• THE INPUT:

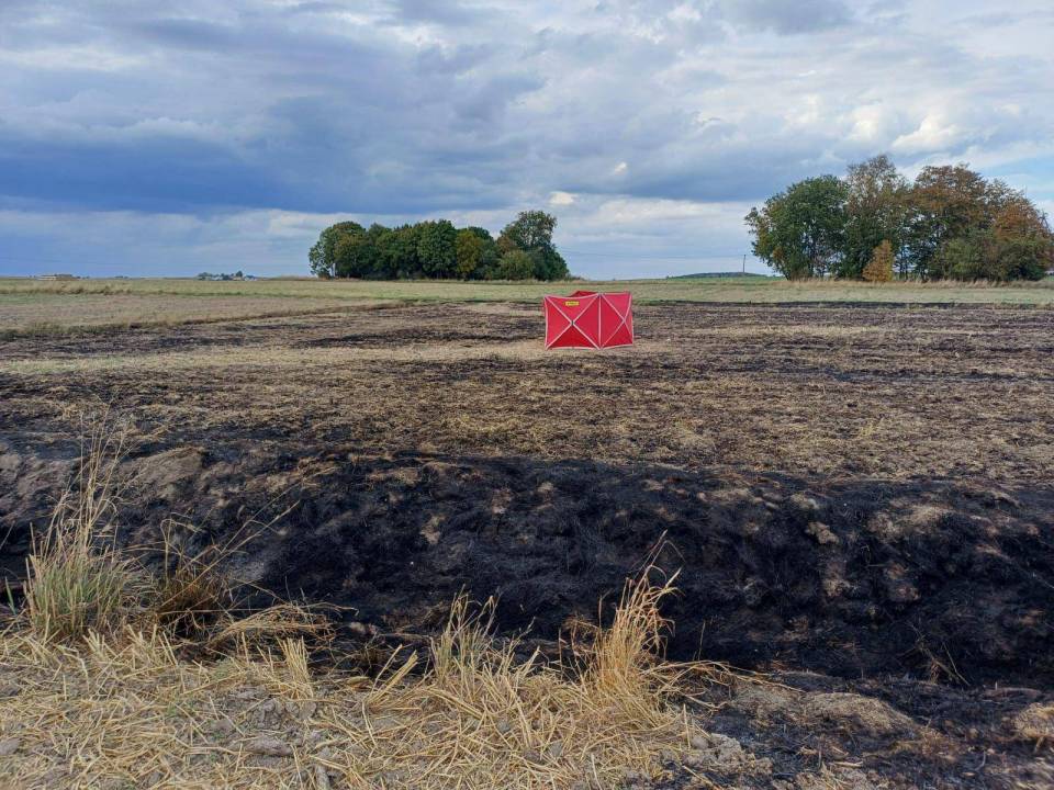 Do tragicznego w skutkach pożaru doszło we wtorek na jednym z pól w okolicach miejscowości Ożarów w powiecie wieluńskim. O godzinie 15.04 strażacy zostali wezwani do pożaru ścierniska. Ogień objął obszar około 4000 metrów kwadratowych.
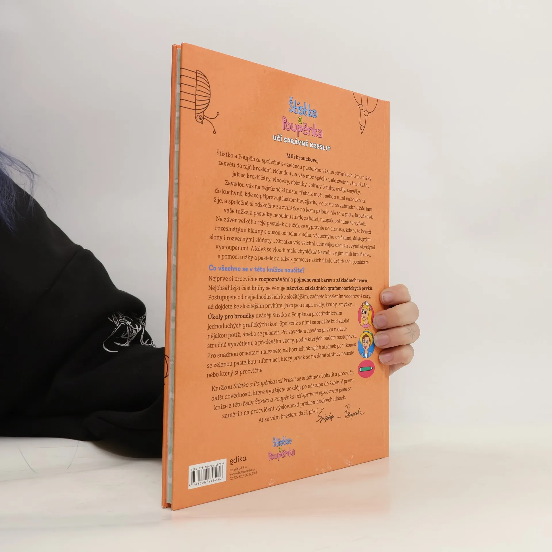 Může být procvičování základních grafomotorických prvků zábava? Štístko a Poupěnka s pomocí zelené pastelky předškolákům a mladším školákům dokážou, že ano. Proč? Protože si sami mohou knížku dotvořit. Zelená pastelka je zasvětí do tajů kreslení a postupně jim ukáže, jak si poradit s čarami, vlnovkami, oblouky, spirálami, kruhy, ovály, smyčkami, … Od lehčích úkolů plynule přejdou k náročnějším – a přitom je s oblíbenou dvojicí čeká spousta legrace!
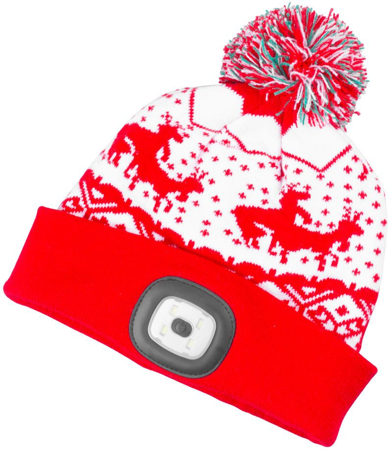 Strend Pro X-mas gyerek téli sapka 4x SMD LED világítással, piros színben, M
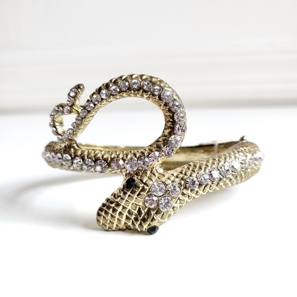 New With Tag Kenneth Jay Lane Couture Collection Vintage Crystals Gold Snake Bangle Hinged Bracelet
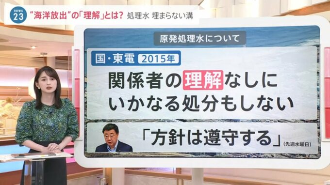 そうした現状がある中で、国や東電が漁業者と交わした「関係者の『理解』なしにいかなる処分もしない」というこの約束。これについて今後どうなるのでしょうか。
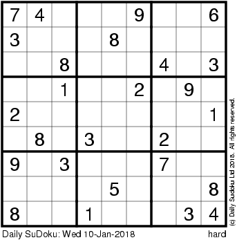 The Daily SuDoku: Wed 10-Jan-2018
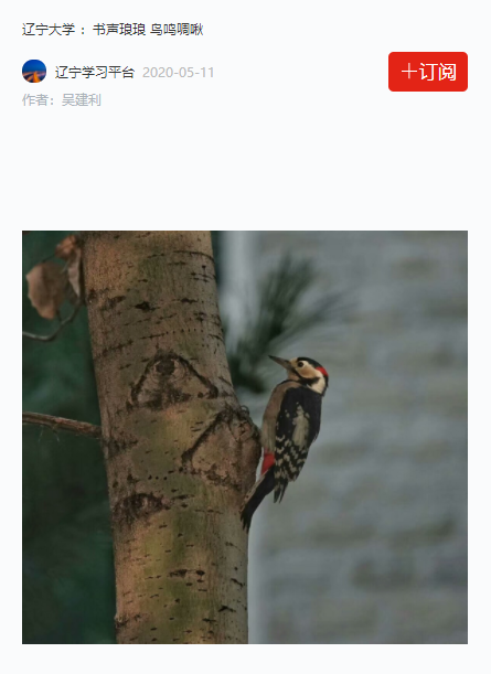 近日,“学习强国”辽宁学习平台以《365英国上市官方网站 :书声琅琅 鸟鸣啁啾 》为题,发布了我校教师吴建利所拍摄的校园鸟类摄影作品。现将报道截图转载如下:
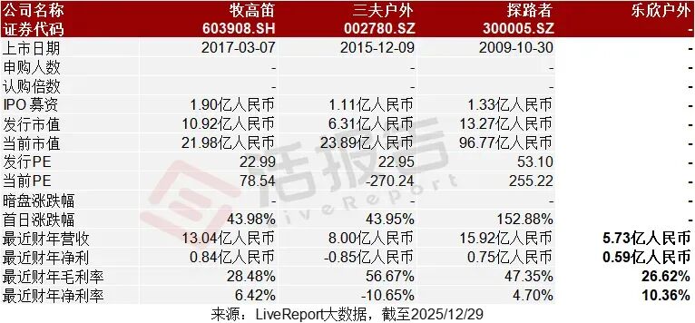 牧高笛(603908.SH)、三夫户外(002780.SZ)、探路者(300005.SZ)
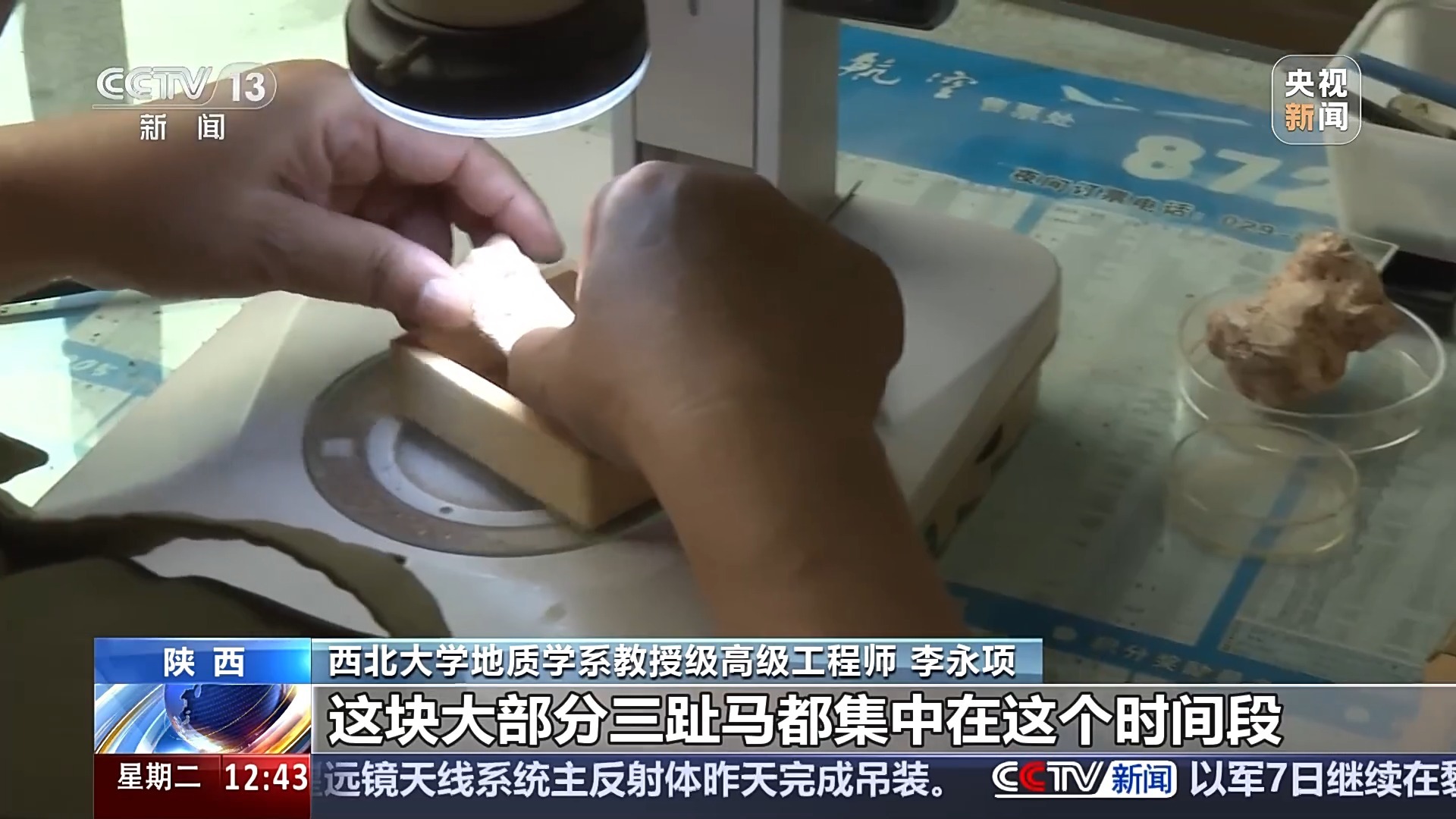西北大学地质学系教授级高级工程师 李永项:大概在一千多万年到几百万年这段时间里我们叫做新近纪,大部分三趾马都集中在这个时间段,很少量的存到250万年以内了,大部分在250万年以前。不可再生,绝对不可再生。

• YOUR TASK: All of the entries above must be reproduced exactly, and no image may be included.

• WRITTEN ANSWER:
 Do tragicznego w skutkach pożaru doszło we wtorek na jednym z pól w okolicach miejscowości Ożarów w powiecie wieluńskim. O godzinie 15.04 strażacy zostali wezwani do pożaru ścierniska. Ogień objął obszar około 4000 metrów kwadratowych.
 Může být procvičování základních grafomotorických prvků zábava? Štístko a Poupěnka s pomocí zelené pastelky předškolákům a mladším školákům dokážou, že ano. Proč? Protože si sami mohou knížku dotvořit. Zelená pastelka je zasvětí do tajů kreslení a postupně jim ukáže, jak si poradit s čarami, vlnovkami, oblouky, spirálami, kruhy, ovály, smyčkami, … Od lehčích úkolů plynule přejdou k náročnějším – a přitom je s oblíbenou dvojicí čeká spousta legrace!
 Strend Pro X-mas gyerek téli sapka 4x SMD LED világítással, piros színben, M
 New With Tag Kenneth Jay Lane Couture Collection Vintage Crystals Gold Snake Bangle Hinged Bracelet
 そうした現状がある中で、国や東電が漁業者と交わした「関係者の『理解』なしにいかなる処分もしない」というこの約束。これについて今後どうなるのでしょうか。
 The Daily SuDoku: Wed 10-Jan-2018
 近日,“学习强国”辽宁学习平台以《365英国上市官方网站 :书声琅琅 鸟鸣啁啾 》为题,发布了我校教师吴建利所拍摄的校园鸟类摄影作品。现将报道截图转载如下:
 牧高笛(603908.SH)、三夫户外(002780.SZ)、探路者(300005.SZ)
西北大学地质学系教授级高级工程师 李永项:大概在一千多万年到几百万年这段时间里我们叫做新近纪,大部分三趾马都集中在这个时间段,很少量的存到250万年以内了,大部分在250万年以前。不可再生,绝对不可再生。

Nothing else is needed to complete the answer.